The Gateway Pundit previously reported that 88-year-old Paul Landis gave an exclusive interview with The New York Times where he shared he shared his revelations regarding what happened November 22, 1963, in Dallas — the day JFK was assassinated by Lee Harvey Oswald. Landis that year was a Secret Service agent assigned to First Lady Jackie Kennedy’s protective detail.
Landis’s revelations regarding what happened 60 years ago lay waste to the narrative advanced by the Warren Commission that one of the bullets fired at the president’s limousine struck not only Kennedy in the back but also Texas Governor John B. Connally Jr. in the back, chest, wrist, and thigh. Connally was riding next to Kennedy at the time. This is often referred to as the “magic bullet theory.”
Landis also revealed he was the one who retrieved the bullet from the limo and placed it on the president’s hospital stretcher to preserve as evidence.
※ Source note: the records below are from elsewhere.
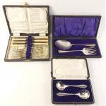 Three cased silver plated cutlery sets, Spoon pair, knife and fork sets.
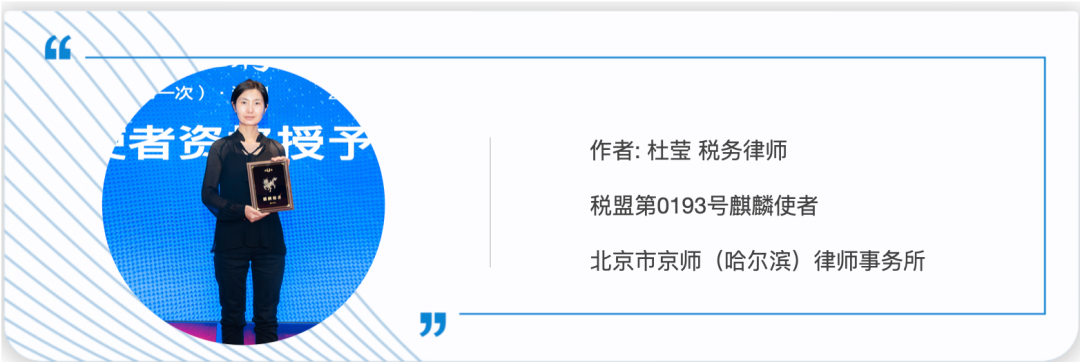 本期作者:税盟第0193号麒麟使者杜莹律师
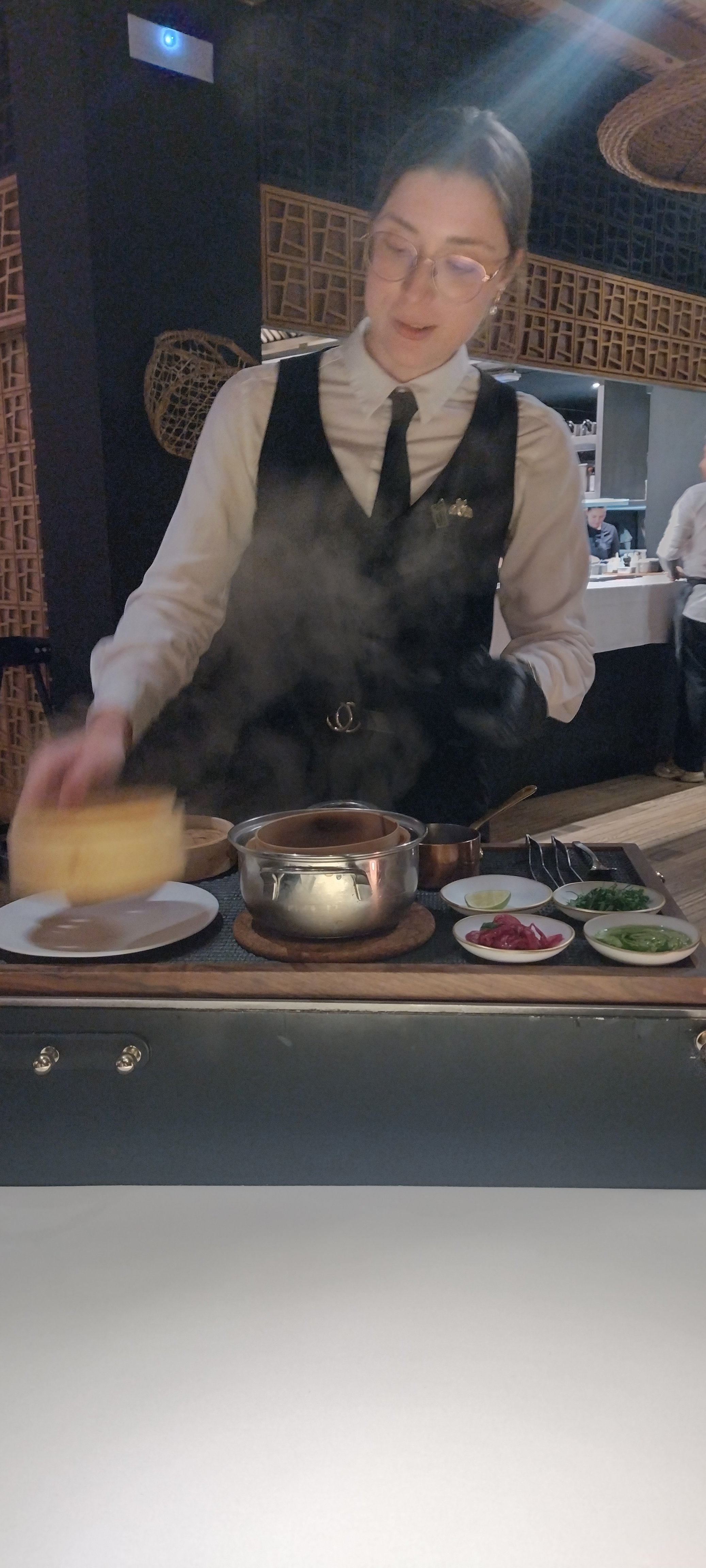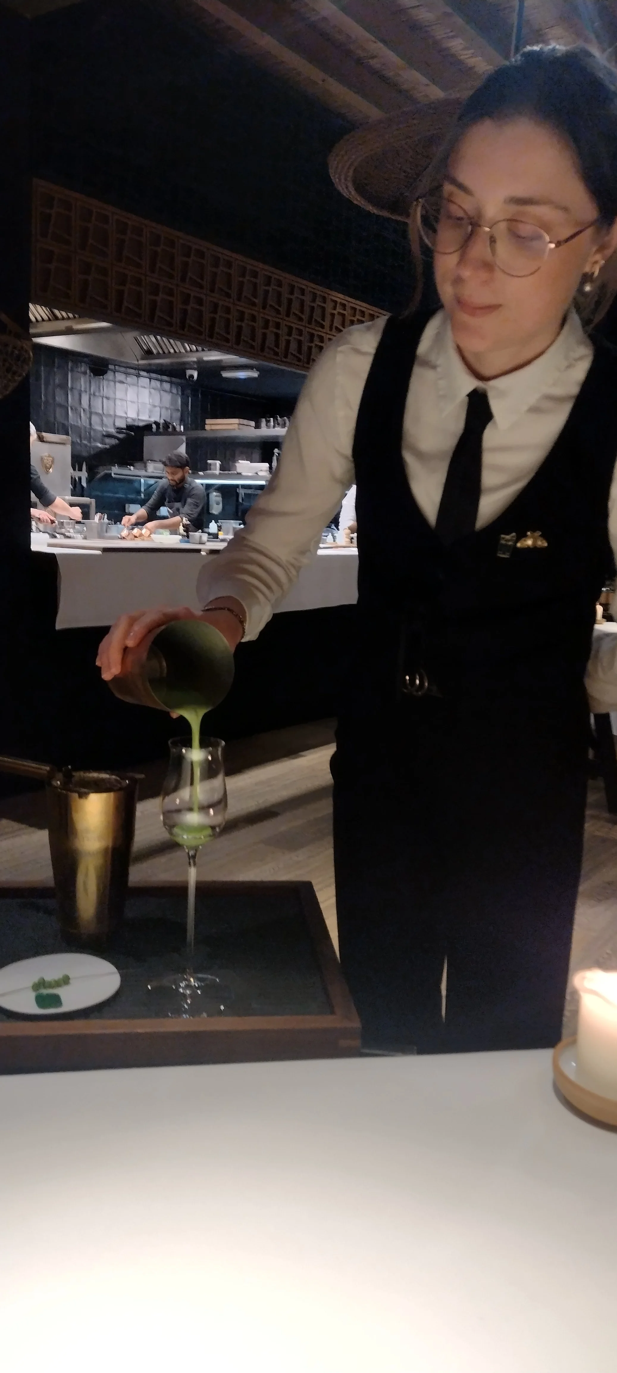 Wenn ich den Service resümiere, muss ich kurz klarstellen, dass meine Servicekraft - im Rahmen des von ihr vorgetragenen Programms - durchaus zugänglich war. Daneben stehen aber Unaufmerksamkeiten (Wasser wird schal, geringe Flexibilität in Einzelaspekten etc.) und vor allem das Gefühl, dass wir durchs Menü hetzen und ich unter ständiger Aufsicht stehe. Als wäre das ein lästiges Pflichtprogramm und kein schöner Gourmet-Abend. Mehr als ein halbes Dutzend Mal bitte ich darum, die Erklärungen zu verlangsamen und insgesamt etwas zu chillen. Beherzigt wird es nicht.
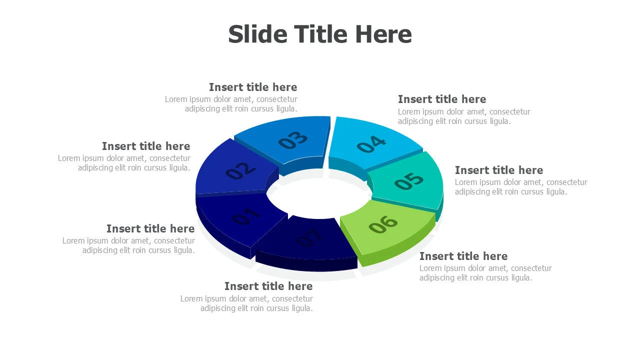 Infographic templates for 7-point 3D round infographics to show sequential data.
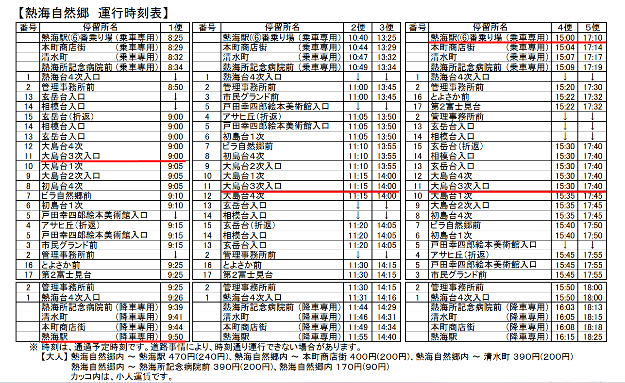 徒歩3分ほどの場所に「大島台3次入口」というバス停があります。熱海駅→自然郷の循環バスで1日5便ほど運行しており、熱海駅まで30~50分でアクセスできます。(乗車時間により所要時間が異なります。)

According to the former agent, there was nothing “magical” about the bullet. He says that the bullet struck Kennedy in the back but was “undercharged” and popped back out before the President’s body was removed from the limo. It never touched Connally.
Now, The Daily Mail has uncovered the testimony of Phyllis J. Hall, who was present in the emergency room after JFK was fatally shot. She gave two separate interviews to British papers back in 2013 which back up Landis’s bombshell revelation.